The construction of values in rules, and the role of refmode predicates in it, are described in Section 11.2, “Value-constructing Rules”. It is also possible to construct entity values by explicitly adding facts, as shown in the example below.

Example 8.14. Constructing an entity by adding a fact

Given the declarations in Example 8.13, “Declaring an entity predicate with refmode” we can create a new person entity with the associated name "Bob" by executing the code shown below (the word "executing" was carefully chosen: see Chapter 19, Transaction Logic).

+person(p), +person_has_name(p : "Bob").

It is recommended that this be written in the functional style:

+person(p), +person_has_name[p] = "Bob".

We can even omit the explicit mention of person and write just

+person_has_name[_] = "Bob".

Auto-Numbered Refmode Predicates


Just like "normal" refmode predicates, auto-numbered refmode predicates are now deprecated. If you require automatically-generated unique numbers, please see Section 7.11, “Unique Identifiers”.

Refmodes values may be automatically created by the system. This is a useful feature when the exact values of refmodes do not matter, as long as they are different from one another. The value type of an auto-numbered refmode must be int.

Example 8.15. 

The following example declares entity predicate q and its auto-numbered refmode predicate q_id:

q(x), q_id(x:i) -> int(i).

Auto numbered entity types can be populated by associating them with constructors, or by populating their subtypes.

Example 8.16. Populating an auto-numbered predicate

The following lb script (see Section 19.1, “Preliminaries”) uses constructor predicates (see Section 8.3.1, “Constructor Predicates”) to populate person, which is an entity predicate with an auto-numbered refmode predicate.

(Note that we use name both as the name of a predicate and the name of a variable to show that this is allowed, but such usage is not necessarily recommended.)

create --unique

addblock <doc>
  person(p), person_id(p : i) -> int(i).

  name[name] = c -> string(name), person(c).

exec <doc>
  +name["Betty"] = _.
  +name["Bob"] = _.
  +name["Betty"] = _.
echo --- person:
print person
echo --- name:
print name
echo --- person_id:
print person_id

addblock <doc>
  person_name_id(name, id) <- person_id(p : id), name[name] = p.
echo --- person_name_id
print person_name_id

close --destroy

Here is the output (whose exact form may change between versions of the system):

created workspace 'unique_workspace_2017-03-28-23-28-23'
added block 'block_1Z1F0KWV'
--- person:
[10000000004] 10000000004
[10000000005] 10000000005
--- name:
"Betty" [10000000005] 10000000005
"Bob"   [10000000004] 10000000004
--- person_id:
[10000000004] 10000000004 10000000004
[10000000005] 10000000005 10000000005
added block 'block_1Z1O5ERS'
--- person_name_id
"Betty" 10000000005
"Bob"   10000000004
deleted workspace 'unique_workspace_2017-03-28-23-28-23'

Each tuple of person contains an internal identifier of the entity (shown in square brackets) and the associated refmode value.
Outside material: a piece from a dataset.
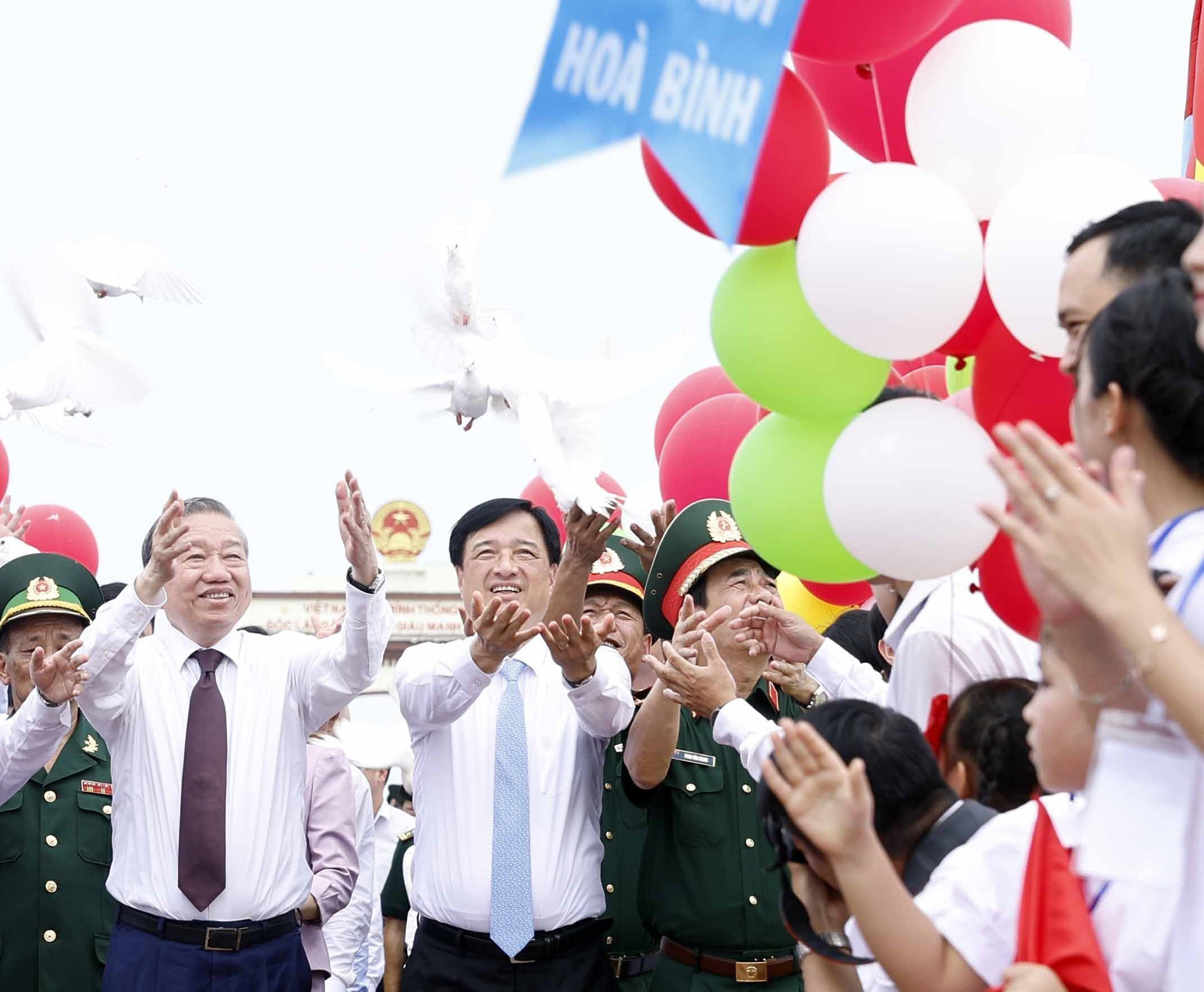 Tổng Bí thư, Chủ tịch nước Tô Lâm và các đại biểu thả chim bồ câu trên cầu Hiền Lương - Ảnh: TTXVN

In the example these numbers happen to be identical.

Each tuple in name contains the name and information about the associated entity (i.e., person).

Each tuple in person_id contains information about the entity and the (duplicated) auto-generated number.
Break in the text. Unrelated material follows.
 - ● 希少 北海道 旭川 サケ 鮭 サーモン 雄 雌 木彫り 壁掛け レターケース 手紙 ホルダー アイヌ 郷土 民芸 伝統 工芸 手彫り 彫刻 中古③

The tuples in person_name_id pair names of entities with the the auto-generated numbers.

Notice that the repetition of +name["Betty"] = _. did not result in producing a new entity.

Example 8.17. Populating an auto-numbered predicate via its subtypes

The following lb script (see Section 19.1, “Preliminaries”) uses constructor predicates (see Section 8.3.1, “Constructor Predicates”) to populate subtypes of person, which is an entity predicate with an auto-numbered refmode predicate. (See Section 8.3.3, “Subtyping” for a discussion of subtypes.)

create --unique

addblock <doc>
  person(p), person_id(p : i) -> int(i).

  child(c) -> person(c).
  adult(a) -> person(a).

  diminutive[name] = c -> string(name), child(c).

  official[name] = a -> string(name), adult(a).

exec <doc>
  +diminutive["Betty"] = _.
  +diminutive["Bob"] = _.

  +official["Elizabeth"] = _.
  +official["Robert"] = _.
  +official["Bob"] = _.
echo --- child:
print child
echo --- adult:
print adult
echo --- person:
print person
echo --- diminutive:
print diminutive
echo --- official:
print official
echo --- person_id:
print person_id

close --destroy

The output is shown below. See the example above for an explanation.

created workspace 'unique_workspace_2017-03-28-21-33-33'
added block 'block_1Z1F0LVQ'
--- child:
--- adult:
--- person:
[10000000001] 10000000001
[10000000004] 10000000004
[10000000005] 10000000005
[10000000006] 10000000006
[10000000007] 10000000007
--- diminutive:
"Betty" [10000000005]
"Bob"   [10000000007]
--- official:
"Bob"       [10000000004]
"Elizabeth" [10000000006]
"Robert"    [10000000001]
--- person_id:
[10000000001] 10000000001 10000000001
[10000000004] 10000000004 10000000004
[10000000005] 10000000005 10000000005
[10000000006] 10000000006 10000000006
[10000000007] 10000000007 10000000007
deleted workspace 'unique_workspace_2017-03-28-21-33-33'

It is worth noticing that the use of "Bob" in child and the use of "Bob" in adult produce two different entities in person.

8.3.3. Subtyping


Subtyping is now deprecated (starting with LogicBlox 4.9). See the section called “Structuring Entity Predicates” for examples of how to replace the most common uses of this feature.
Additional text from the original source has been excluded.